TASK TO COMPLETE:
Gather each line containing the string "with" from these entries.
------------------------------------------------------------
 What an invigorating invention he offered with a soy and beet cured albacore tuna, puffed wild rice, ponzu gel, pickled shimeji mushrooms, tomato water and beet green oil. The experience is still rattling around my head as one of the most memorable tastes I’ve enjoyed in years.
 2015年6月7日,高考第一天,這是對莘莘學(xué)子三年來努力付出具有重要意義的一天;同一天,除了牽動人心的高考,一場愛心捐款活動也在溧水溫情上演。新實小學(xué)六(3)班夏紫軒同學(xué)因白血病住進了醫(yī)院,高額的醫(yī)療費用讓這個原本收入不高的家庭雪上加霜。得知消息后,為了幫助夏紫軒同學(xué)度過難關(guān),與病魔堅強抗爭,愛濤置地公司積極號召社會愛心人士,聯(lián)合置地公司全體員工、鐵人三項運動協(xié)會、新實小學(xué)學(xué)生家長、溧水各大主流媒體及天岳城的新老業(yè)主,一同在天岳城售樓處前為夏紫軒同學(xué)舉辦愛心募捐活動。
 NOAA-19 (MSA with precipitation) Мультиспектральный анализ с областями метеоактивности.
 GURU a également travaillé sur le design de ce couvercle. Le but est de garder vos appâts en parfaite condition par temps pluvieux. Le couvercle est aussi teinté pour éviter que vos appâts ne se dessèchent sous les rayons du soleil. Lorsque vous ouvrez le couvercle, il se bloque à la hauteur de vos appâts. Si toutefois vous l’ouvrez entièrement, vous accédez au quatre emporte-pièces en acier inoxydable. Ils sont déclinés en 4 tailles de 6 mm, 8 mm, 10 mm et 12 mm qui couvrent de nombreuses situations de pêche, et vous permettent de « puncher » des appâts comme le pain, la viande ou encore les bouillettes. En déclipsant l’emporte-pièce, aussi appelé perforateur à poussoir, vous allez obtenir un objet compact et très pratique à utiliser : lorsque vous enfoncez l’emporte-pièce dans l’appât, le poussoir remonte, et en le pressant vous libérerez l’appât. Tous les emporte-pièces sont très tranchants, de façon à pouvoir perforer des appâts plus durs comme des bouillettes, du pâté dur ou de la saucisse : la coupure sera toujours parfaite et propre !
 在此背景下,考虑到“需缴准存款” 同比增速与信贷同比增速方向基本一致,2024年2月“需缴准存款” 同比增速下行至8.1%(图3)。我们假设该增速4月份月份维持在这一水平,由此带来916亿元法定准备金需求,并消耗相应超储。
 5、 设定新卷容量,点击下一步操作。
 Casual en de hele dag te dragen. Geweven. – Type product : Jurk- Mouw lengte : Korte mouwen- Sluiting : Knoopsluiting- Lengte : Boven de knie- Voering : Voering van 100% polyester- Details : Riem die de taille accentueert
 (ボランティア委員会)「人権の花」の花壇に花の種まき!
------------------------------------------------------------
ANSWER SPACE:
 What an invigorating invention he offered with a soy and beet cured albacore tuna, puffed wild rice, ponzu gel, pickled shimeji mushrooms, tomato water and beet green oil. The experience is still rattling around my head as one of the most memorable tastes I’ve enjoyed in years.
 NOAA-19 (MSA with precipitation) Мультиспектральный анализ с областями метеоактивности.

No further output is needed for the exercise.